Task: Write out every entry in full. Leave nothing out.

Records provided:

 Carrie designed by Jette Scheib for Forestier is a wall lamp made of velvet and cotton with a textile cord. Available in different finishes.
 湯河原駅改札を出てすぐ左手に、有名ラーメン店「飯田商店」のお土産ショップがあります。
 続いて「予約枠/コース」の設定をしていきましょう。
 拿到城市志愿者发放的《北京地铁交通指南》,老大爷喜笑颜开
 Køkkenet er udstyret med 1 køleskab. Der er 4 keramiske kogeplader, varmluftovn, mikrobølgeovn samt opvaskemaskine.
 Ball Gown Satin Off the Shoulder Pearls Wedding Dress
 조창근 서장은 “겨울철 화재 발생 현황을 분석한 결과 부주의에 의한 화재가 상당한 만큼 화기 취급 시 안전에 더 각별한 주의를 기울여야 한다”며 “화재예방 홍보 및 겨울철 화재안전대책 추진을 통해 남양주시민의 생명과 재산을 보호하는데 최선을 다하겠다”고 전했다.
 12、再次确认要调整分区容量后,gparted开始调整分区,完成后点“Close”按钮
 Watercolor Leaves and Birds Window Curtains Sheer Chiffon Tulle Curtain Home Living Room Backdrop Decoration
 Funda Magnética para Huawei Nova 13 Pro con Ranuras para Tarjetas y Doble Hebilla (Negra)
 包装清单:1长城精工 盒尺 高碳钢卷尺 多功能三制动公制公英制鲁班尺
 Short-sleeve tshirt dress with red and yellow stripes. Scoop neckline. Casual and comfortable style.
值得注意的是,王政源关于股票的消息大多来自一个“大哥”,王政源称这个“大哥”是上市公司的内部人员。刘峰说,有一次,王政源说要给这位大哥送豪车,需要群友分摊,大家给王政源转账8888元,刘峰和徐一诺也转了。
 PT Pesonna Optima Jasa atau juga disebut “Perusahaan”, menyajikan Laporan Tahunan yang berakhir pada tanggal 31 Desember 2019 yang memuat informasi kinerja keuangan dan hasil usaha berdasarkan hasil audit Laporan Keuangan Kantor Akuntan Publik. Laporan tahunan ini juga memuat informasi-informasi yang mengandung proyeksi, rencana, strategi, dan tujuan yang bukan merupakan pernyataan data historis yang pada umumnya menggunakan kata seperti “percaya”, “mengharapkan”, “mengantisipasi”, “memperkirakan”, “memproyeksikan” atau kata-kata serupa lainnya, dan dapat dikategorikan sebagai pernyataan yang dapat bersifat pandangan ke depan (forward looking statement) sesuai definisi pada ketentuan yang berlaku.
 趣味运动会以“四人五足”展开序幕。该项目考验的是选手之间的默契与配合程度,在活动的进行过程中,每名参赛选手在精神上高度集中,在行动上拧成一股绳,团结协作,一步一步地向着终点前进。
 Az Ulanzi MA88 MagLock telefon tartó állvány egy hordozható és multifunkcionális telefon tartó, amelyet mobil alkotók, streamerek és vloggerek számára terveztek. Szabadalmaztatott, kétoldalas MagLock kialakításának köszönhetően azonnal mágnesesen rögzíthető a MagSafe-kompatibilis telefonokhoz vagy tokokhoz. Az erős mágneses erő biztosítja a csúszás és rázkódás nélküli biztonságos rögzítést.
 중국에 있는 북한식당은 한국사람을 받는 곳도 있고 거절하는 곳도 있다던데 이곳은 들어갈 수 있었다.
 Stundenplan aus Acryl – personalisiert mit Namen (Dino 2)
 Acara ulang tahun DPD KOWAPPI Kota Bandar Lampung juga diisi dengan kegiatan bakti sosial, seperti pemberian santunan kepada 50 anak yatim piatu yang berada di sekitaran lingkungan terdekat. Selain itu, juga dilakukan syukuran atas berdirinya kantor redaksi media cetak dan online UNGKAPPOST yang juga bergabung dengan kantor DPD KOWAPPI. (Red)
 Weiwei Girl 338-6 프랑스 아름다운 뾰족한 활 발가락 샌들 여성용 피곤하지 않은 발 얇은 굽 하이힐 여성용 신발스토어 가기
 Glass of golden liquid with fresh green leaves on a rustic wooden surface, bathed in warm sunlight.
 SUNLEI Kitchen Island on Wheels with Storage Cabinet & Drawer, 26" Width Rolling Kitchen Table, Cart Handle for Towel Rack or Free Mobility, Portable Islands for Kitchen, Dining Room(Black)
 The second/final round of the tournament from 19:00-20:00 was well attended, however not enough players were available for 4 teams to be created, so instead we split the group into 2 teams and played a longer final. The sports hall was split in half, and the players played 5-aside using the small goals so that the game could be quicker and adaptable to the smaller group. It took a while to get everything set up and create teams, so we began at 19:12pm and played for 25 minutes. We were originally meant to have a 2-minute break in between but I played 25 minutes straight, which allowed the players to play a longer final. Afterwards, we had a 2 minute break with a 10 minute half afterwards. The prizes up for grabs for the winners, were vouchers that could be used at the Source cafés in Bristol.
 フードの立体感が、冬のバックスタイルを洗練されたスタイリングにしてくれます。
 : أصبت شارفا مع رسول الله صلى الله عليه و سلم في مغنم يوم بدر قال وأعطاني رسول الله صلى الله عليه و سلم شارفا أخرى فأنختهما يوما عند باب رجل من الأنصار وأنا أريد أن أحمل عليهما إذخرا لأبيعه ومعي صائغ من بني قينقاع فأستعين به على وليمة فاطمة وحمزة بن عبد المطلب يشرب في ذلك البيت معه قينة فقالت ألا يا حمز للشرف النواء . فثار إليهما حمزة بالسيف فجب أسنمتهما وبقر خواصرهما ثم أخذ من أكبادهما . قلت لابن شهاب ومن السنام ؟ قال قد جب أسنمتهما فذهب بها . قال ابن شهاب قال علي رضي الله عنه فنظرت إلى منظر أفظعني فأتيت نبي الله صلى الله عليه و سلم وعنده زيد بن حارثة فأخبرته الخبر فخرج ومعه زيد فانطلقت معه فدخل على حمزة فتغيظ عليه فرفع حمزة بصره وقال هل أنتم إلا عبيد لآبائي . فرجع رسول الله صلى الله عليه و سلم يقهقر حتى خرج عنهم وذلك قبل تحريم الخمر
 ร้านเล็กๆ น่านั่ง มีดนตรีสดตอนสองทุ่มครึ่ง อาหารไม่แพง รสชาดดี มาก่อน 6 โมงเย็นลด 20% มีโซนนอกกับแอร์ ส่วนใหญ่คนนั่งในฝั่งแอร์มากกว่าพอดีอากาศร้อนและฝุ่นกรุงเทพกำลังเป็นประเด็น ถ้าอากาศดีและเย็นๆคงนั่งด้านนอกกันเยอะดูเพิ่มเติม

Task output:
 Carrie designed by Jette Scheib for Forestier is a wall lamp made of velvet and cotton with a textile cord. Available in different finishes.
 湯河原駅改札を出てすぐ左手に、有名ラーメン店「飯田商店」のお土産ショップがあります。
 続いて「予約枠/コース」の設定をしていきましょう。
 拿到城市志愿者发放的《北京地铁交通指南》,老大爷喜笑颜开
 Køkkenet er udstyret med 1 køleskab. Der er 4 keramiske kogeplader, varmluftovn, mikrobølgeovn samt opvaskemaskine.
 Ball Gown Satin Off the Shoulder Pearls Wedding Dress
 조창근 서장은 “겨울철 화재 발생 현황을 분석한 결과 부주의에 의한 화재가 상당한 만큼 화기 취급 시 안전에 더 각별한 주의를 기울여야 한다”며 “화재예방 홍보 및 겨울철 화재안전대책 추진을 통해 남양주시민의 생명과 재산을 보호하는데 최선을 다하겠다”고 전했다.
 12、再次确认要调整分区容量后,gparted开始调整分区,完成后点“Close”按钮
 Watercolor Leaves and Birds Window Curtains Sheer Chiffon Tulle Curtain Home Living Room Backdrop Decoration
 Funda Magnética para Huawei Nova 13 Pro con Ranuras para Tarjetas y Doble Hebilla (Negra)
 包装清单:1长城精工 盒尺 高碳钢卷尺 多功能三制动公制公英制鲁班尺
 Short-sleeve tshirt dress with red and yellow stripes. Scoop neckline. Casual and comfortable style.
值得注意的是,王政源关于股票的消息大多来自一个“大哥”,王政源称这个“大哥”是上市公司的内部人员。刘峰说,有一次,王政源说要给这位大哥送豪车,需要群友分摊,大家给王政源转账8888元,刘峰和徐一诺也转了。
 PT Pesonna Optima Jasa atau juga disebut “Perusahaan”, menyajikan Laporan Tahunan yang berakhir pada tanggal 31 Desember 2019 yang memuat informasi kinerja keuangan dan hasil usaha berdasarkan hasil audit Laporan Keuangan Kantor Akuntan Publik. Laporan tahunan ini juga memuat informasi-informasi yang mengandung proyeksi, rencana, strategi, dan tujuan yang bukan merupakan pernyataan data historis yang pada umumnya menggunakan kata seperti “percaya”, “mengharapkan”, “mengantisipasi”, “memperkirakan”, “memproyeksikan” atau kata-kata serupa lainnya, dan dapat dikategorikan sebagai pernyataan yang dapat bersifat pandangan ke depan (forward looking statement) sesuai definisi pada ketentuan yang berlaku.
 趣味运动会以“四人五足”展开序幕。该项目考验的是选手之间的默契与配合程度,在活动的进行过程中,每名参赛选手在精神上高度集中,在行动上拧成一股绳,团结协作,一步一步地向着终点前进。
 Az Ulanzi MA88 MagLock telefon tartó állvány egy hordozható és multifunkcionális telefon tartó, amelyet mobil alkotók, streamerek és vloggerek számára terveztek. Szabadalmaztatott, kétoldalas MagLock kialakításának köszönhetően azonnal mágnesesen rögzíthető a MagSafe-kompatibilis telefonokhoz vagy tokokhoz. Az erős mágneses erő biztosítja a csúszás és rázkódás nélküli biztonságos rögzítést.
 중국에 있는 북한식당은 한국사람을 받는 곳도 있고 거절하는 곳도 있다던데 이곳은 들어갈 수 있었다.
 Stundenplan aus Acryl – personalisiert mit Namen (Dino 2)
 Acara ulang tahun DPD KOWAPPI Kota Bandar Lampung juga diisi dengan kegiatan bakti sosial, seperti pemberian santunan kepada 50 anak yatim piatu yang berada di sekitaran lingkungan terdekat. Selain itu, juga dilakukan syukuran atas berdirinya kantor redaksi media cetak dan online UNGKAPPOST yang juga bergabung dengan kantor DPD KOWAPPI. (Red)
 Weiwei Girl 338-6 프랑스 아름다운 뾰족한 활 발가락 샌들 여성용 피곤하지 않은 발 얇은 굽 하이힐 여성용 신발스토어 가기
 Glass of golden liquid with fresh green leaves on a rustic wooden surface, bathed in warm sunlight.
 SUNLEI Kitchen Island on Wheels with Storage Cabinet & Drawer, 26" Width Rolling Kitchen Table, Cart Handle for Towel Rack or Free Mobility, Portable Islands for Kitchen, Dining Room(Black)
 The second/final round of the tournament from 19:00-20:00 was well attended, however not enough players were available for 4 teams to be created, so instead we split the group into 2 teams and played a longer final. The sports hall was split in half, and the players played 5-aside using the small goals so that the game could be quicker and adaptable to the smaller group. It took a while to get everything set up and create teams, so we began at 19:12pm and played for 25 minutes. We were originally meant to have a 2-minute break in between but I played 25 minutes straight, which allowed the players to play a longer final. Afterwards, we had a 2 minute break with a 10 minute half afterwards. The prizes up for grabs for the winners, were vouchers that could be used at the Source cafés in Bristol.
 フードの立体感が、冬のバックスタイルを洗練されたスタイリングにしてくれます。
 : أصبت شارفا مع رسول الله صلى الله عليه و سلم في مغنم يوم بدر قال وأعطاني رسول الله صلى الله عليه و سلم شارفا أخرى فأنختهما يوما عند باب رجل من الأنصار وأنا أريد أن أحمل عليهما إذخرا لأبيعه ومعي صائغ من بني قينقاع فأستعين به على وليمة فاطمة وحمزة بن عبد المطلب يشرب في ذلك البيت معه قينة فقالت ألا يا حمز للشرف النواء . فثار إليهما حمزة بالسيف فجب أسنمتهما وبقر خواصرهما ثم أخذ من أكبادهما . قلت لابن شهاب ومن السنام ؟ قال قد جب أسنمتهما فذهب بها . قال ابن شهاب قال علي رضي الله عنه فنظرت إلى منظر أفظعني فأتيت نبي الله صلى الله عليه و سلم وعنده زيد بن حارثة فأخبرته الخبر فخرج ومعه زيد فانطلقت معه فدخل على حمزة فتغيظ عليه فرفع حمزة بصره وقال هل أنتم إلا عبيد لآبائي . فرجع رسول الله صلى الله عليه و سلم يقهقر حتى خرج عنهم وذلك قبل تحريم الخمر
 ร้านเล็กๆ น่านั่ง มีดนตรีสดตอนสองทุ่มครึ่ง อาหารไม่แพง รสชาดดี มาก่อน 6 โมงเย็นลด 20% มีโซนนอกกับแอร์ ส่วนใหญ่คนนั่งในฝั่งแอร์มากกว่าพอดีอากาศร้อนและฝุ่นกรุงเทพกำลังเป็นประเด็น ถ้าอากาศดีและเย็นๆคงนั่งด้านนอกกันเยอะดูเพิ่มเติม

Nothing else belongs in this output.